Baby food suckers beware.

Now that Zach is six-months-old (as of yesterday, sniff sniff) and started solids last week, there is a new pungency to his diapers.  (Incidentally, we are about to fast-track Eliza into potty training, which is another post entirely, but having two children creating such stenchy messes is too much to bear.)

As a type-A person, of course with Eliza I pretty much made all of her baby food because, well, it’s healthier, less expensive, and what any self-respecting woman who takes her stay-at-home job seriously would do (right?).  Now that I have even less time to plan and prepare Zach’s food, though, I’m looking for more shortcuts.  My mother-in-law bought me the Beaba cook baby food maker for Christmas with some of those individual, 1- and 2- oz. containers for freezing the food.  The Beaba cook is nice and convenient, easy to use, and easy to clean in the dishwasher.  I’ve already figured out that you don’t have to change the amount of water you are supposed to put in it for steaming depending on the amount of food you’re cooking.  And it’s nice that after steaming, you can then blend the food right in the contraption.

However, suckers beware.  From what I can tell, it is no easier than using a regular pot with a steaming insert on the stove, and then using my hand blender (I have the Breville handheld food processor) in the pot to mash up the food.  There are a lot of pieces in the Beaba cooker as well, versus an easily removable blender handle and a pot and a steamer insert for the other method.  And finally, the cooker only holds so much food.  It’s not conducive to making large batches of baby food, or cooking meals that have items that require varying cooking time.  So it’s lifespan is going to be short in my kitchen.  Thus, if you want to make baby food and save some money, buy a hand or immersion blender, which is much more multifunctional for years to come than a specific maker of baby food.

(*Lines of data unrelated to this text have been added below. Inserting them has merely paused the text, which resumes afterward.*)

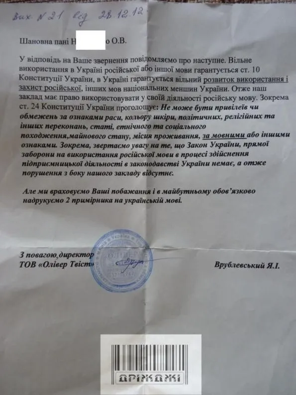 Як ідеться у відповіді, обслуговування українською може порушувати права російськомовних клієнтів. Проте, у ресторані пообіцяли випустити меню українською мовою у двох примірниках. Письмову відповідь розмістив у на своїй сторінці Facebook рух Дріжджі.
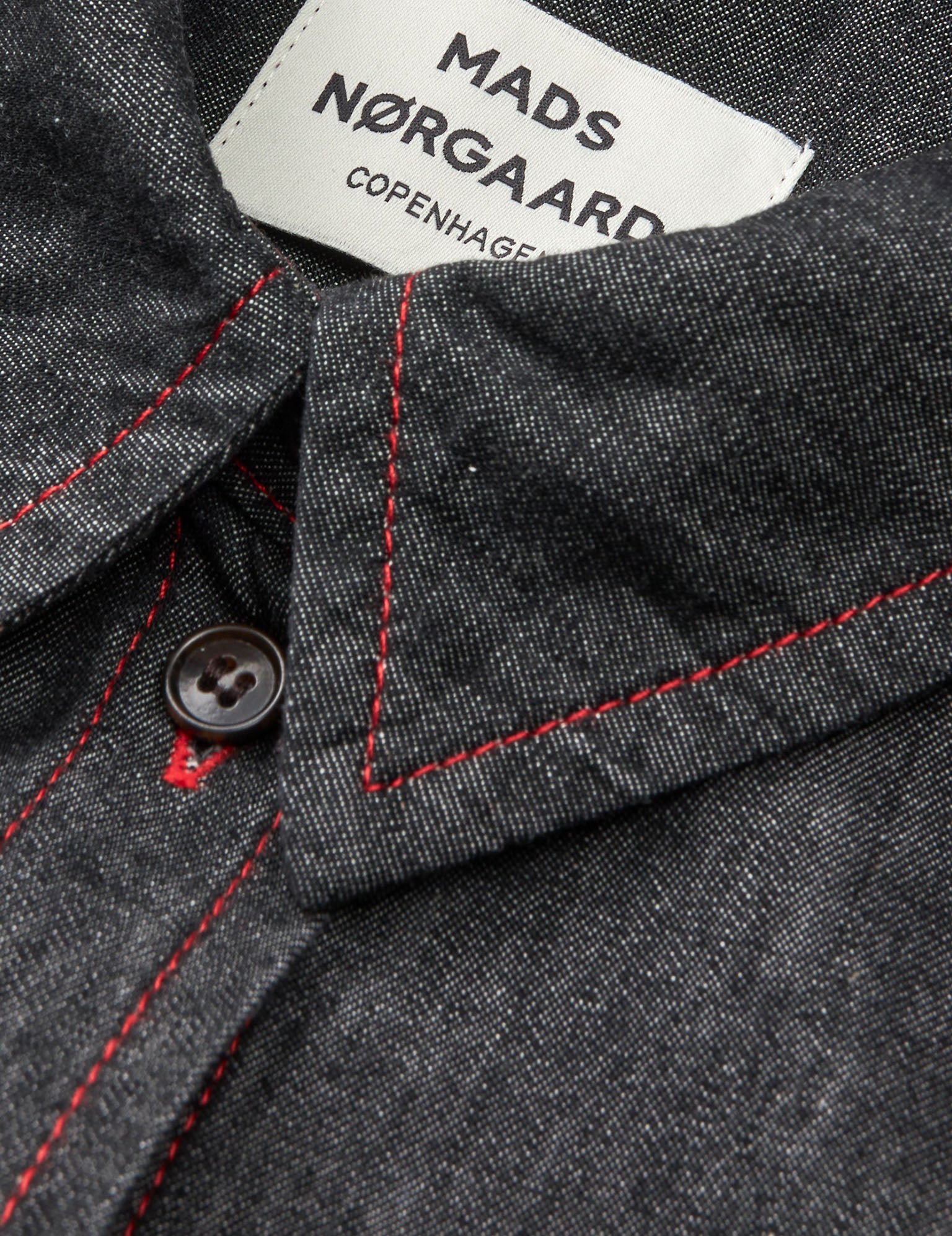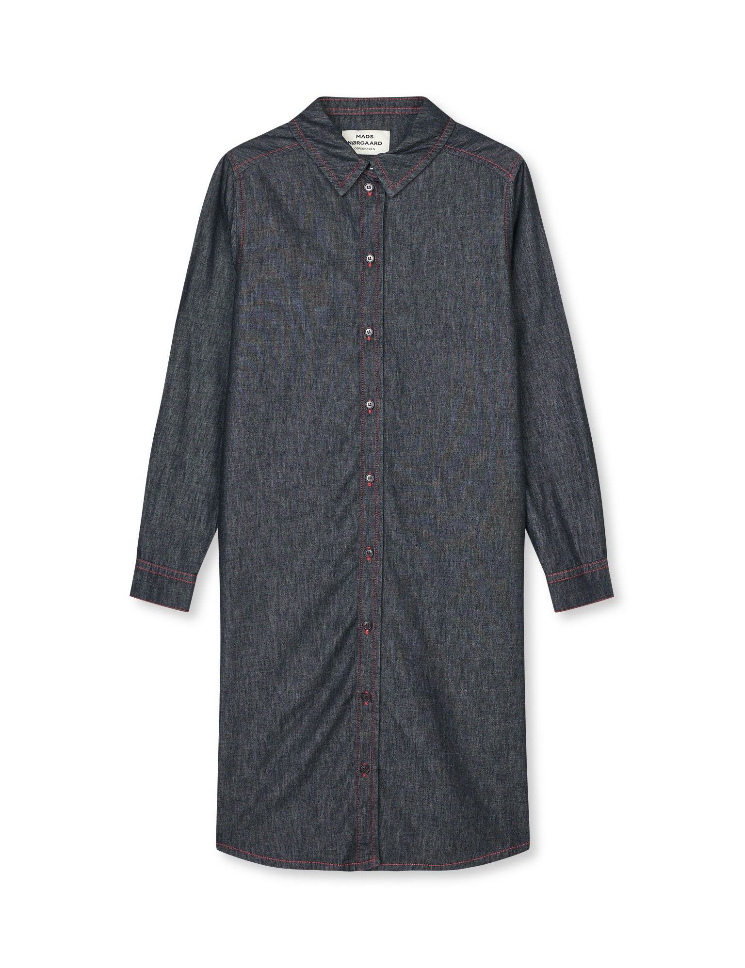 Knælang skjortekjole i let denim med let rynket front, turn-down krave og rød kontrastsyning.
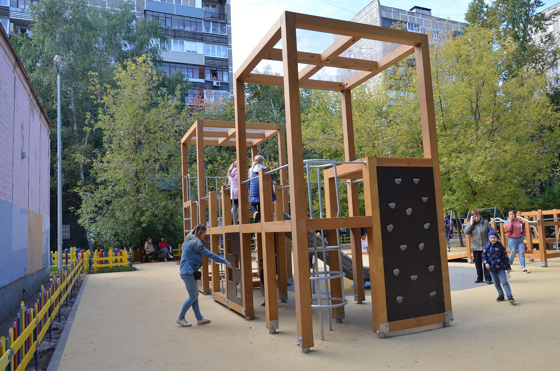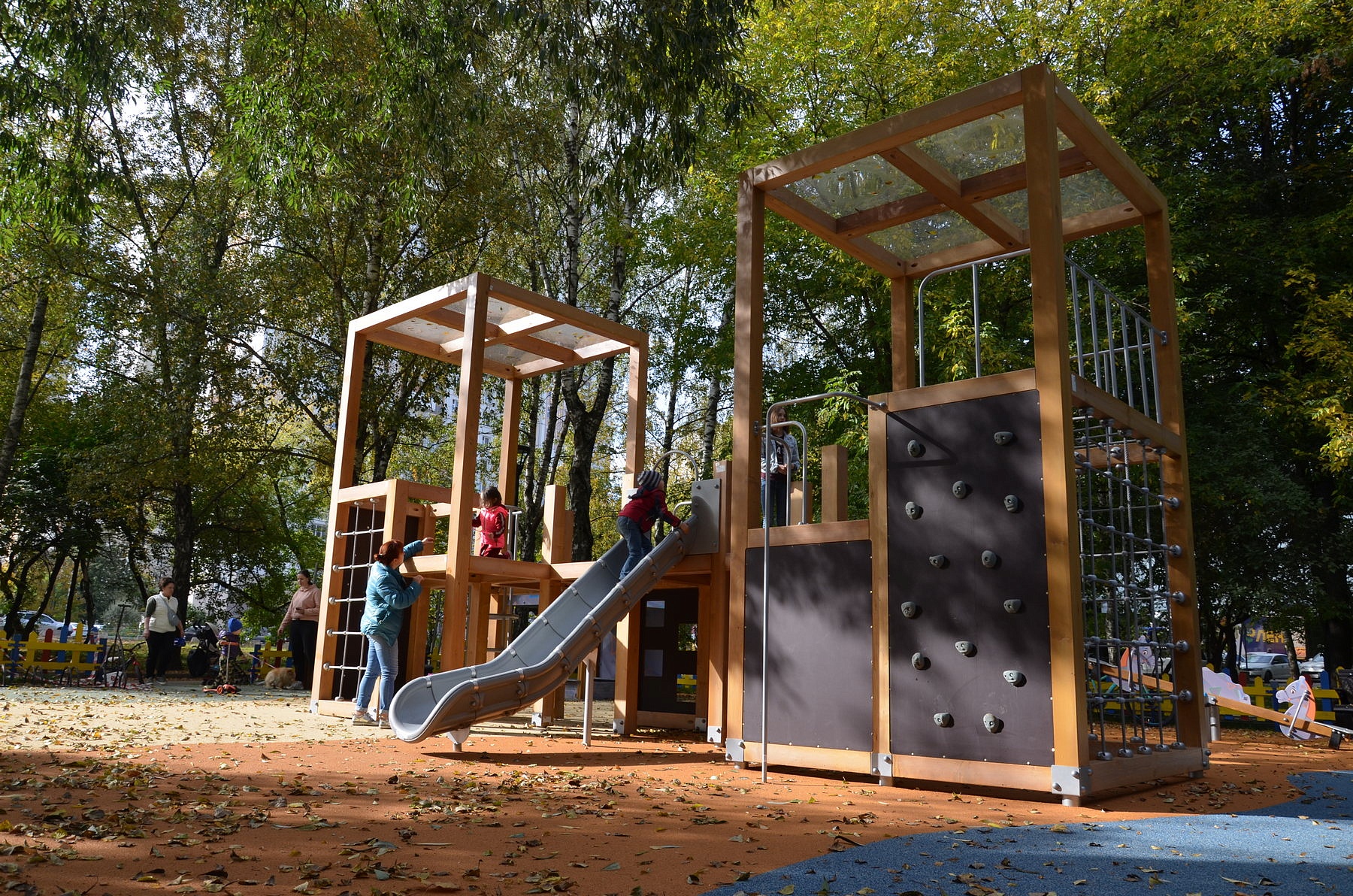 Игровой комплекс оборудован деревянными площадками, одним открытым наборным пластиковым спуском, пожарным спуском, двумя металлическими лазами “Цилиндр”, двумя панелями лаз с камнями, лазом с отверстиями (2 шт.), элементом “Лесенка” (2 шт.), перекладинами и перемычками. Оснащен канатными сетками. Выполнен с использованием деревянного каркаса (столбы) на металлических опорных закладных.
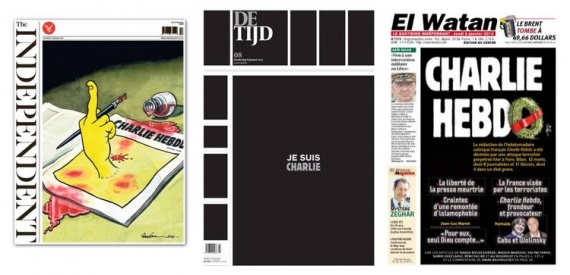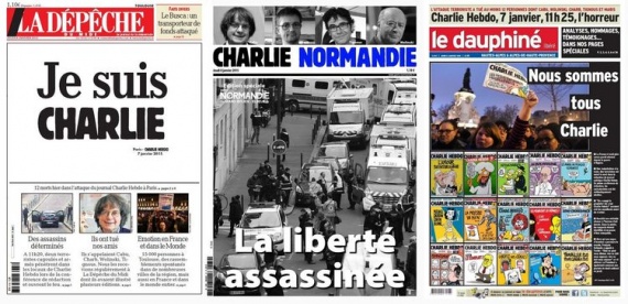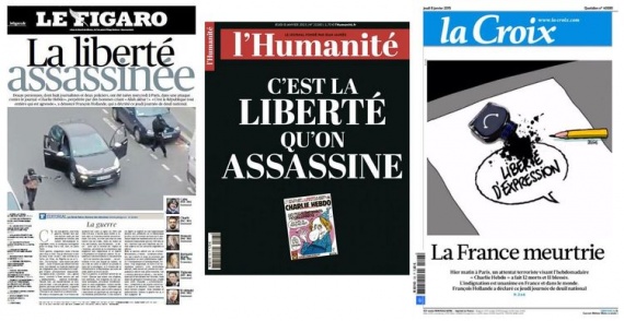 "Είμαστε όλοι Charlie" και "Δολοφονούν την ελευθερία" είναι οι κύριοι τίτλοι που δεσπόζουν στις γαλλικές εφημερίδες.
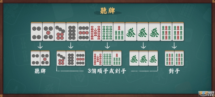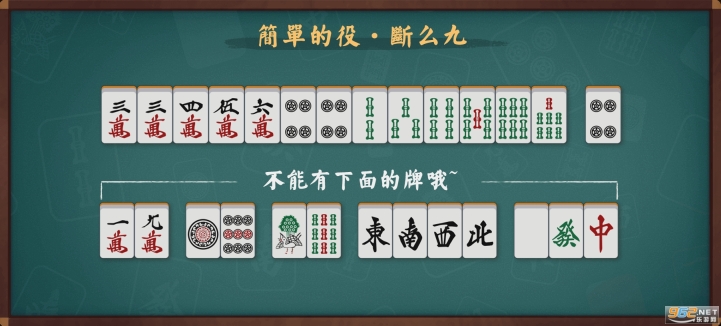 當牌種不含所有的數位1和9、風牌、三元牌時,並符合和牌的規律時即可和牌,可以吃碰,新人之友。
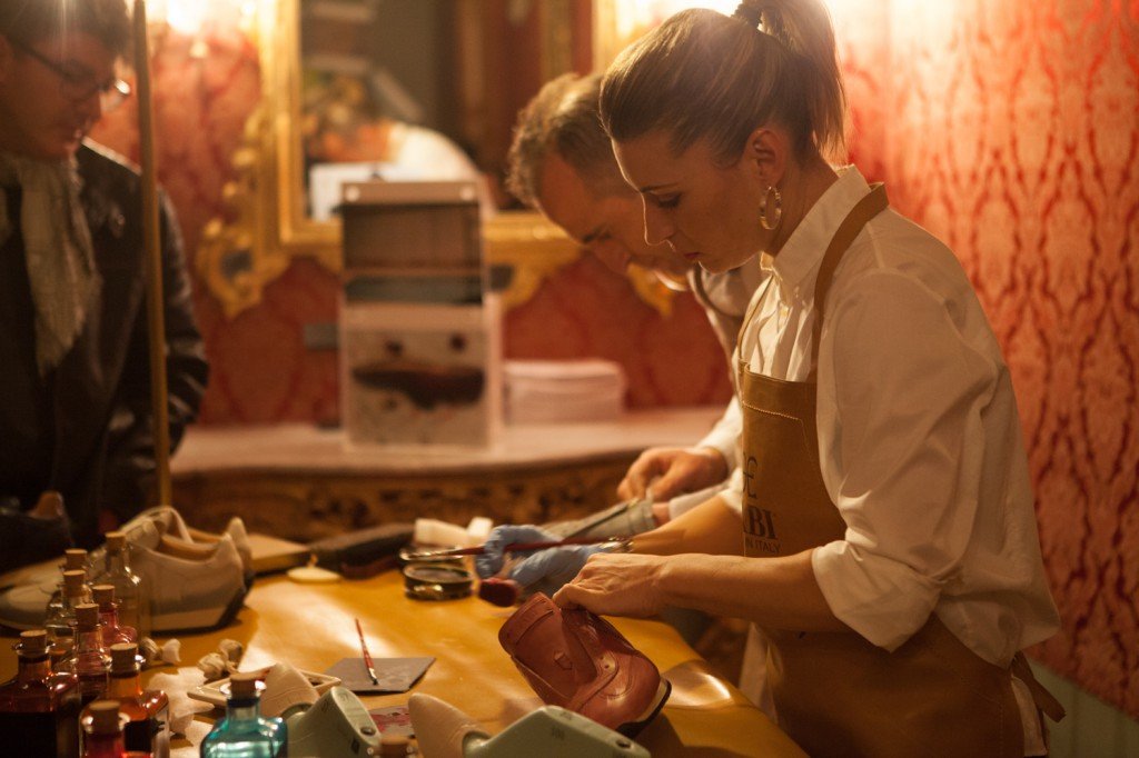 Con lui i nostri Maestri Antonio e Paola, impegnati nel lavoro di tamponatura a mano – con i colori naturali di scotano e mallo di noce – su nuovi modelli di scarpe sportive che FABI presenterà a PITTI IMMAGINE UOMO 93.

As far as freezing extra food goes (which is the point because for a little effort I get a lot of meals), these individual little containers are freaking frustrating and stupid.  You have to run each one under water to get it to pop out, which is highly irritating and time consuming.  Of course, washing them in the dishwasher is a pain as well because they could easily fall through.  For Eliza, I used ice cube trays I had on hand.  I wrapped saran wrap around them a few times, froze them, ran them upside down under a bit of water, and then easily popped all the frozen food cubes into a freezer bag.  Sometimes you really don’t need all these specialized contraptions.  This is one of those instances.  Just use your ice cube trays and some saran wrap.